A 2012 review by Bahn et al. in Thyroid described the three standard treatment options for Graves disease: antithyroid drugs (methimazole), radioactive iodine (RAI), and thyroidectomy [10]. None of these options involves thyroid hormone replacement as the primary intervention. Replacement enters the picture only after the hyperthyroid state is resolved, either through remission, ablation, or surgery.
When Patients Use Both Drugs Sequentially
This is the scenario that generates most of the search volume. A patient diagnosed with Graves disease starts methimazole at 20 to 30 mg daily. Over 12 to 18 months, they taper to a maintenance dose. If remission holds, methimazole is discontinued. If the patient relapses or opts for RAI, the thyroid may be destroyed or rendered permanently hypoactive.
Post-RAI hypothyroidism develops in 50% to 80% of Graves disease patients within the first year, according to a 2007 cohort study published in the Journal of Clinical Endocrinology & Metabolism [11]. These patients now require lifelong thyroid hormone replacement. Most receive levothyroxine. A smaller group, often those dissatisfied with persistent symptoms on T4 monotherapy, may trial Armour Thyroid or another NDT product.
The ATA's 2014 hypothyroidism guidelines state that patients who remain symptomatic despite a normal TSH on levothyroxine could be offered a trial of combination T4/T3 therapy, acknowledging that patient preference plays a role in treatment decisions [5]. NDT products like Armour Thyroid provide that combination in a single tablet.
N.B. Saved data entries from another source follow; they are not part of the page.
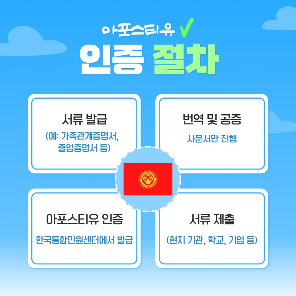 쉽게 말해, 한국에서 발급된 서류를 키르기스스탄에서도 공식적으로 인정받을 수 있도록 해주는데요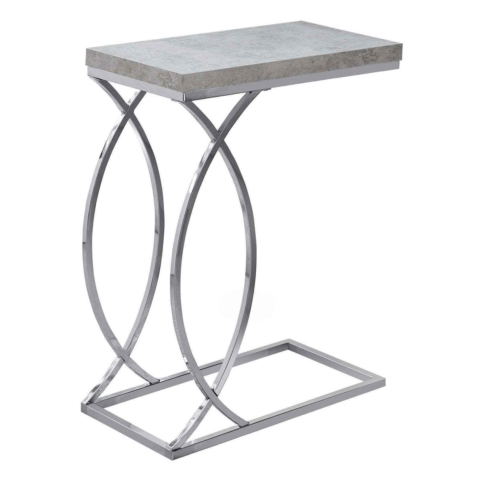 MN-613185 Accent Table, C-Shaped, End, Side, Snack, Living Room, Bedroom, Metal Legs, Laminate, Grey Cement Look, Chrome, Contemporary, Modern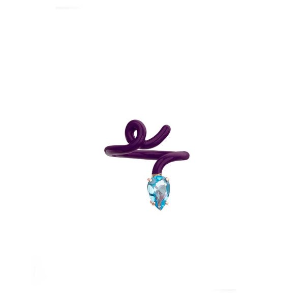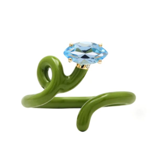 Baby Vine Tendril Ring with japanese orange enamel and marquis cut rock crystal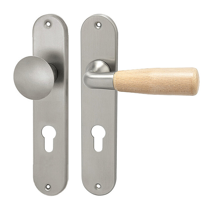 Dverová kľučka WSS 01 so štítom je vhodná na inštaláciu do interiéru aj exteriéru, vyrobená z nerezovej ocele DIN 1.4301 so satinovaným matným povrchom s moderným a nadčasovým dizajnom a rukoväťou z bukového dreva s moderným a nadčasovým dizajnom, hygienicky nezávadná, s dlhou životnosťou. Povrchová úprava je realizovaná kefovaním, nie sú na ňu nanášané žiadne ďalšie laky, či vykonávané iné povrchové úpravy. Je odolná proti tzv. "prstienkovému efektu" - poškriabaniu či oprýskaniu prstienky alebo inými kovovými predmetmi.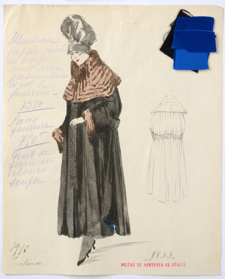 Lithograph and watercolor on paper fashion design. Afternoon coat in black cloth with a fur collar and lace trim. Fabric samples accompany the rendering.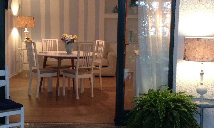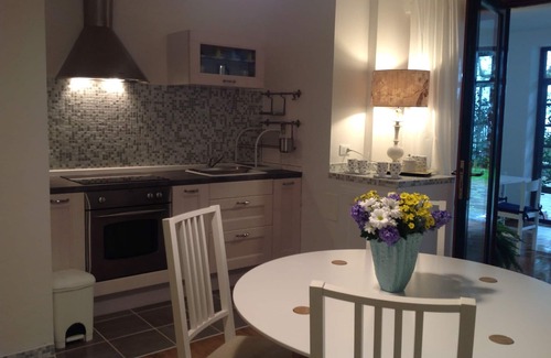 Ground floor apartment, with access to the garden, on the lakefront in Viverone. The apartment, of about 50 m / q, is composed of a living area with equipped kitchenette, a bathroom is a bedroom with double bed, plus a large porch of 35 m / a furnished and closed with mosquito nets covered with jasmine.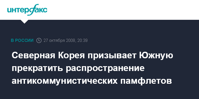 Москва. 27 октября. INTERFAX.RU - Власти КНДР настояли на том, чтобы Южная Корея приняла меры против распространения антикоммунистических пропагандистских памфлетов на территории Северной Кореи, сообщает агентство ЭФЭ.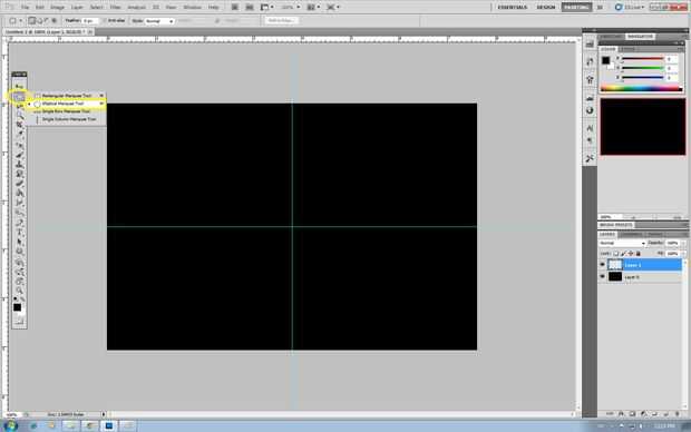 Vamos a empezar por crear una cuadrícula. En la frontera de la regla en la parte superior, haga clic en y arrastre hasta la mitad. (Usted puede hacer la frontera regla aparecen pulsando control + r). Lo mismo en la frontera de la regla de lado. Asegúrese de que la intercepción de líneas en el centro. Haga clic en la herramienta marco elíptico. Si vas a donde las líneas se interceptan que el cursor cambiará a una cruz roja. Ahora mientras se mantiene ALT + SHIFT arrastre el cursor para hacer el tamaño deseado de circle(firework) como.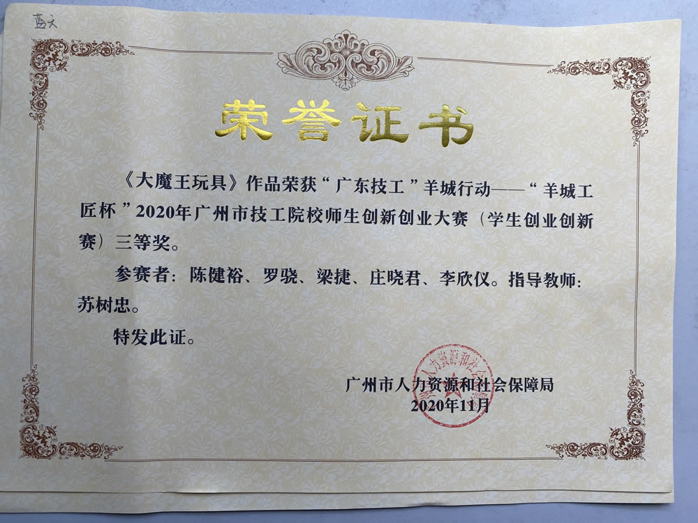 11月9日,由广州市人力资源和社会保障局、广州市总工会联合主办,广州市职业技术教研室承办的“广东技工”羊城行动——“羊城工匠杯”2020年广州市技工院校师生创新创业大赛总结会在广州市机电技师学院隆重举行。广州市蓝天高级技工学校喜获佳绩:学校被评为“优秀组织单位”称号; 《大魔王玩具》等4个参赛作品分别获得创业创新大赛三等奖和优胜奖;苏树忠、赖婧两名老师被授予大赛组织先进个人。
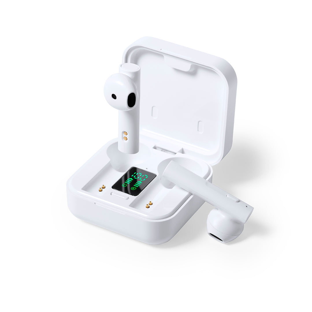 Auriculares intraurales en elegante acabado blanco y conexión Bluetooth 5.0. Con panel de carga solar integrado en la tapa y pantalla LCD interior con indicador de estado de carga. De diseño ergonómico, incluyen botón de control integrado en el auricular, con base a juego. Función manos libres y recargables con energía solar o mediante cable micro USB -incluido-. Presentados en estuche individual premium con apertura de bisagra y en atractiva caja de diseño, con manual de instrucciones en español e inglés.

So the timeline can look like this: methimazole first (to treat Graves disease), then thyroid replacement second (to treat the resulting hypothyroidism). The drugs are not alternatives. They are chapters in a sequence.
Efficacy Evidence for Armour Thyroid
Direct RCT evidence for Armour Thyroid (rather than generic NDT or compounded preparations) is limited. The Hoang et al. trial used a commercial DTE product (Nature-Throid, not Armour specifically), though the pharmacologic profile is comparable across USP-grade desiccated thyroid preparations [4].
A 2013 double-blind RCT by Hennessey et al. compared T4/T3 combination therapy with T4 monotherapy in 40 hypothyroid patients over 15 weeks and found no significant differences in cognitive function, quality of life, or body weight [12]. A larger study by Saravanan et al. (2005) in the Journal of Clinical Endocrinology & Metabolism randomized 697 hypothyroid patients to T4 plus T3 vs T4 alone and similarly found no significant difference in well-being scores [13].
The patient-preference signal from Hoang et al. remains the most-cited positive finding for NDT. Of note, 28 of 70 patients in that trial (40%) had no preference between the two therapies. The weight loss finding was modest (1.5 kg) and has not been replicated in a confirmatory trial [4].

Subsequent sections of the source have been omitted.